◆ WORK ITEM:
Because the material must match the original, reproduce every line of it exactly.
======== RECORDS PROVIDED ========
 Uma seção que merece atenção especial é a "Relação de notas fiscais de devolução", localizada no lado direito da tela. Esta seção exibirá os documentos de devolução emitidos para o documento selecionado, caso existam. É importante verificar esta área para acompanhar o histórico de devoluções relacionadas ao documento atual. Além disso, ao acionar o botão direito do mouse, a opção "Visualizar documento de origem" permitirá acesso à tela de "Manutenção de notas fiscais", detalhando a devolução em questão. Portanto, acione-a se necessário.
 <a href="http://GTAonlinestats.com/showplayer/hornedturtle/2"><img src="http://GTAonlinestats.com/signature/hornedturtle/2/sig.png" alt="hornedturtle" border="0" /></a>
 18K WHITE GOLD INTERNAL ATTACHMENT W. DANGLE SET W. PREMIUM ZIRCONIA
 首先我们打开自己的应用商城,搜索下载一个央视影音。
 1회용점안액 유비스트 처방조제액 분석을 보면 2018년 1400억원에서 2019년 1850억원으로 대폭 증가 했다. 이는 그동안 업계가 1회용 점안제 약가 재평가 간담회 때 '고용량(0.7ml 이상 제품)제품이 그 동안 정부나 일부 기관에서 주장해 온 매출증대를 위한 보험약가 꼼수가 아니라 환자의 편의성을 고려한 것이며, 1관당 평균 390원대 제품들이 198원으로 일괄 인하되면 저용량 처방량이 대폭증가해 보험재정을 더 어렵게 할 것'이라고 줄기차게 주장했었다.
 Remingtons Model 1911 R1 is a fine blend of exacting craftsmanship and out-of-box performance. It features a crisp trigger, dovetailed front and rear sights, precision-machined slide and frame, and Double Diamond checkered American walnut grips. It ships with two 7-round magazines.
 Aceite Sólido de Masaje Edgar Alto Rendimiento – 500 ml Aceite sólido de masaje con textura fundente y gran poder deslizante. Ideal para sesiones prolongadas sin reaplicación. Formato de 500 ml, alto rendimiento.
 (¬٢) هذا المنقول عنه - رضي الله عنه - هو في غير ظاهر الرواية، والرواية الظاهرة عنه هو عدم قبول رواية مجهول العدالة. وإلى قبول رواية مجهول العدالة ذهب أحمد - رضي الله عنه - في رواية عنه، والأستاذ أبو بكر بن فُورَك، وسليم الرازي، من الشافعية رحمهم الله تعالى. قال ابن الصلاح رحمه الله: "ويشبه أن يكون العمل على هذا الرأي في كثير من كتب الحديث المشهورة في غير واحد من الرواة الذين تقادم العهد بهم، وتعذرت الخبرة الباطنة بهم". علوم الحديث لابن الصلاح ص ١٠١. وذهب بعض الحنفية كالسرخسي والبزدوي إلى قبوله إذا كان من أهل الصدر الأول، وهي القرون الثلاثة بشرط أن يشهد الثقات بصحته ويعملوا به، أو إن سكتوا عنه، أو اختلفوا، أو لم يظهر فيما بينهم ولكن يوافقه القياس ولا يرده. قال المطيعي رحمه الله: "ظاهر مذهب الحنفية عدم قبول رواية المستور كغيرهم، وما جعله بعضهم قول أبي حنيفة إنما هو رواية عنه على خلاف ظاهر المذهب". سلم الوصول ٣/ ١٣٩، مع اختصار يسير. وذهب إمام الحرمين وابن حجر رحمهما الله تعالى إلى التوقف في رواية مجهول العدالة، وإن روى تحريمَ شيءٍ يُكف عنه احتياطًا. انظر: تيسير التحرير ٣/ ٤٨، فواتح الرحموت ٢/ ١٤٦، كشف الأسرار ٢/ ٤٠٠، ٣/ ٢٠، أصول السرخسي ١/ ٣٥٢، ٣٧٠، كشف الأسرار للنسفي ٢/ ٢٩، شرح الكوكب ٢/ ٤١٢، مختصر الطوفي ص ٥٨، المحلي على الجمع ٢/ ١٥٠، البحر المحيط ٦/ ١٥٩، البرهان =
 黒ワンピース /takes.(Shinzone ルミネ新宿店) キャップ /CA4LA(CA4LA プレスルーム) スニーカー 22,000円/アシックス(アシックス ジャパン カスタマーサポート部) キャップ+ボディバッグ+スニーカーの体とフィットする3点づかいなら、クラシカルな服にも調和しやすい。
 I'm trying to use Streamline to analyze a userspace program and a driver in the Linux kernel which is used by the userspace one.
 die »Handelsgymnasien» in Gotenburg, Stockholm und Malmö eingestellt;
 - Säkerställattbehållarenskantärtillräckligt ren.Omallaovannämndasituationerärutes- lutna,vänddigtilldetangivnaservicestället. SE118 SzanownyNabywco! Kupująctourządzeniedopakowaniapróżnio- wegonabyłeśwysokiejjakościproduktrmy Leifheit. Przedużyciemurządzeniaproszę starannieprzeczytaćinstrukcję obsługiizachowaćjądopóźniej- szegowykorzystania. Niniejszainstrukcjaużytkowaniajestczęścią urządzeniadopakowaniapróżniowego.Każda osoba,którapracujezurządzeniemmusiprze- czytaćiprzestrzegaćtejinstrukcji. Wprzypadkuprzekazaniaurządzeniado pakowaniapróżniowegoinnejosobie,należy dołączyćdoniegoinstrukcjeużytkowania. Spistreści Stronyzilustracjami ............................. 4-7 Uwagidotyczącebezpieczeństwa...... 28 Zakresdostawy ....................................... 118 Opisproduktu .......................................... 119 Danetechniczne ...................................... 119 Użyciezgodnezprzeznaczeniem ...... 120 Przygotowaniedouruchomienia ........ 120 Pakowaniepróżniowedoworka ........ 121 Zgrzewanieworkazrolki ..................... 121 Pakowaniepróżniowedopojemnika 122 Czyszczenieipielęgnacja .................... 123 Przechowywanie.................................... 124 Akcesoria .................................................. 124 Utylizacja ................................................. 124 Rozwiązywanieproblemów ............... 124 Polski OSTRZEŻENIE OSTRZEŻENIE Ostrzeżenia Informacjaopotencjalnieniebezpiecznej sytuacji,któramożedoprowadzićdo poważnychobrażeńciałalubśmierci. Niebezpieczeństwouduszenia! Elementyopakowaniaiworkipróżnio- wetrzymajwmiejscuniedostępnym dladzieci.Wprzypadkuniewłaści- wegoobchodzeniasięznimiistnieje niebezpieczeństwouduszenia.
========
◆ ANSWER SPACE:
 Uma seção que merece atenção especial é a "Relação de notas fiscais de devolução", localizada no lado direito da tela. Esta seção exibirá os documentos de devolução emitidos para o documento selecionado, caso existam. É importante verificar esta área para acompanhar o histórico de devoluções relacionadas ao documento atual. Além disso, ao acionar o botão direito do mouse, a opção "Visualizar documento de origem" permitirá acesso à tela de "Manutenção de notas fiscais", detalhando a devolução em questão. Portanto, acione-a se necessário.
 <a href="http://GTAonlinestats.com/showplayer/hornedturtle/2"><img src="http://GTAonlinestats.com/signature/hornedturtle/2/sig.png" alt="hornedturtle" border="0" /></a>
 18K WHITE GOLD INTERNAL ATTACHMENT W. DANGLE SET W. PREMIUM ZIRCONIA
 首先我们打开自己的应用商城,搜索下载一个央视影音。
 1회용점안액 유비스트 처방조제액 분석을 보면 2018년 1400억원에서 2019년 1850억원으로 대폭 증가 했다. 이는 그동안 업계가 1회용 점안제 약가 재평가 간담회 때 '고용량(0.7ml 이상 제품)제품이 그 동안 정부나 일부 기관에서 주장해 온 매출증대를 위한 보험약가 꼼수가 아니라 환자의 편의성을 고려한 것이며, 1관당 평균 390원대 제품들이 198원으로 일괄 인하되면 저용량 처방량이 대폭증가해 보험재정을 더 어렵게 할 것'이라고 줄기차게 주장했었다.
 Remingtons Model 1911 R1 is a fine blend of exacting craftsmanship and out-of-box performance. It features a crisp trigger, dovetailed front and rear sights, precision-machined slide and frame, and Double Diamond checkered American walnut grips. It ships with two 7-round magazines.
 Aceite Sólido de Masaje Edgar Alto Rendimiento – 500 ml Aceite sólido de masaje con textura fundente y gran poder deslizante. Ideal para sesiones prolongadas sin reaplicación. Formato de 500 ml, alto rendimiento.
 (¬٢) هذا المنقول عنه - رضي الله عنه - هو في غير ظاهر الرواية، والرواية الظاهرة عنه هو عدم قبول رواية مجهول العدالة. وإلى قبول رواية مجهول العدالة ذهب أحمد - رضي الله عنه - في رواية عنه، والأستاذ أبو بكر بن فُورَك، وسليم الرازي، من الشافعية رحمهم الله تعالى. قال ابن الصلاح رحمه الله: "ويشبه أن يكون العمل على هذا الرأي في كثير من كتب الحديث المشهورة في غير واحد من الرواة الذين تقادم العهد بهم، وتعذرت الخبرة الباطنة بهم". علوم الحديث لابن الصلاح ص ١٠١. وذهب بعض الحنفية كالسرخسي والبزدوي إلى قبوله إذا كان من أهل الصدر الأول، وهي القرون الثلاثة بشرط أن يشهد الثقات بصحته ويعملوا به، أو إن سكتوا عنه، أو اختلفوا، أو لم يظهر فيما بينهم ولكن يوافقه القياس ولا يرده. قال المطيعي رحمه الله: "ظاهر مذهب الحنفية عدم قبول رواية المستور كغيرهم، وما جعله بعضهم قول أبي حنيفة إنما هو رواية عنه على خلاف ظاهر المذهب". سلم الوصول ٣/ ١٣٩، مع اختصار يسير. وذهب إمام الحرمين وابن حجر رحمهما الله تعالى إلى التوقف في رواية مجهول العدالة، وإن روى تحريمَ شيءٍ يُكف عنه احتياطًا. انظر: تيسير التحرير ٣/ ٤٨، فواتح الرحموت ٢/ ١٤٦، كشف الأسرار ٢/ ٤٠٠، ٣/ ٢٠، أصول السرخسي ١/ ٣٥٢، ٣٧٠، كشف الأسرار للنسفي ٢/ ٢٩، شرح الكوكب ٢/ ٤١٢، مختصر الطوفي ص ٥٨، المحلي على الجمع ٢/ ١٥٠، البحر المحيط ٦/ ١٥٩، البرهان =
 黒ワンピース /takes.(Shinzone ルミネ新宿店) キャップ /CA4LA(CA4LA プレスルーム) スニーカー 22,000円/アシックス(アシックス ジャパン カスタマーサポート部) キャップ+ボディバッグ+スニーカーの体とフィットする3点づかいなら、クラシカルな服にも調和しやすい。
 I'm trying to use Streamline to analyze a userspace program and a driver in the Linux kernel which is used by the userspace one.
 die »Handelsgymnasien» in Gotenburg, Stockholm und Malmö eingestellt;
 - Säkerställattbehållarenskantärtillräckligt ren.Omallaovannämndasituationerärutes- lutna,vänddigtilldetangivnaservicestället. SE118 SzanownyNabywco! Kupująctourządzeniedopakowaniapróżnio- wegonabyłeśwysokiejjakościproduktrmy Leifheit. Przedużyciemurządzeniaproszę starannieprzeczytaćinstrukcję obsługiizachowaćjądopóźniej- szegowykorzystania. Niniejszainstrukcjaużytkowaniajestczęścią urządzeniadopakowaniapróżniowego.Każda osoba,którapracujezurządzeniemmusiprze- czytaćiprzestrzegaćtejinstrukcji. Wprzypadkuprzekazaniaurządzeniado pakowaniapróżniowegoinnejosobie,należy dołączyćdoniegoinstrukcjeużytkowania. Spistreści Stronyzilustracjami ............................. 4-7 Uwagidotyczącebezpieczeństwa...... 28 Zakresdostawy ....................................... 118 Opisproduktu .......................................... 119 Danetechniczne ...................................... 119 Użyciezgodnezprzeznaczeniem ...... 120 Przygotowaniedouruchomienia ........ 120 Pakowaniepróżniowedoworka ........ 121 Zgrzewanieworkazrolki ..................... 121 Pakowaniepróżniowedopojemnika 122 Czyszczenieipielęgnacja .................... 123 Przechowywanie.................................... 124 Akcesoria .................................................. 124 Utylizacja ................................................. 124 Rozwiązywanieproblemów ............... 124 Polski OSTRZEŻENIE OSTRZEŻENIE Ostrzeżenia Informacjaopotencjalnieniebezpiecznej sytuacji,któramożedoprowadzićdo poważnychobrażeńciałalubśmierci. Niebezpieczeństwouduszenia! Elementyopakowaniaiworkipróżnio- wetrzymajwmiejscuniedostępnym dladzieci.Wprzypadkuniewłaści- wegoobchodzeniasięznimiistnieje niebezpieczeństwouduszenia.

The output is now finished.